Download or read book Hyperbolic Systems of Conservation Laws written by Philippe G. LeFloch and published by Birkhäuser. This book was released on 2012-12-06 with total page 301 pages. Available in PDF, EPUB and Kindle. Book excerpt: This book examines the well-posedness theory for nonlinear hyperbolic systems of conservation laws, recently completed by the author together with his collaborators. It covers the existence, uniqueness, and continuous dependence of classical entropy solutions. It also introduces the reader to the developing theory of nonclassical (undercompressive) entropy solutions. The systems of partial differential equations under consideration arise in many areas of continuum physics.

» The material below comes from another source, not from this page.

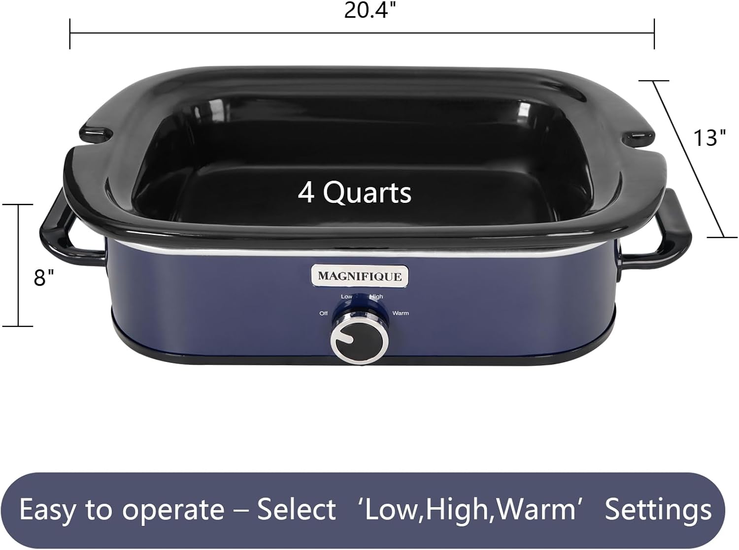 4-Quart Slow Cooker with Casserole Manual Warm Setting - Perfect Kitchen Small Appliance for Family Dinners, Dishwasher Safe Crock, Blue

Download or read book Well Posedness for General 2 times 2 Systems of Conservation Laws written by Fabio Ancona and published by American Mathematical Soc.. This book was released on 2004 with total page 186 pages. Available in PDF, EPUB and Kindle. Book excerpt: Considers the Cauchy problem for a strictly hyperbolic $2\times 2$ system of conservation laws in one space dimension $u_t+ F(u)]_x=0, u(0, x)=\bar u(x), $ which is neither linearly degenerate nor genuinely non-linea

Download or read book Nonlinear Partial Differential Equations and Related Analysis written by Gui-Qiang Chen and published by American Mathematical Soc.. This book was released on 2005 with total page 336 pages. Available in PDF, EPUB and Kindle. Book excerpt: The Emphasis Year on Nonlinear Partial Differential Equations and Related Analysis at Northwestern University produced this fine collection of original research and survey articles. Many well-known mathematicians attended the events and submitted their contributions for this volume. Eighteen papers comprise this work, representing the most significant advances and current trends in nonlinear PDEs and their applications. Topics covered include elliptic and parabolic equations, NavierStokes equations, and hyperbolic conservation laws. Important applications are presented from incompressible and compressible fluid mechanics, combustion, and electromagnetism. Also included are articles on recent advances in statistical reliability in modeling, simulation, level set methods forimage processing, shock waves, free boundaries, boundary layers, errors in numerical solutions, stability, instability, and singular limits. The volume is suitable for researchers and graduate students interested in partial differential equations.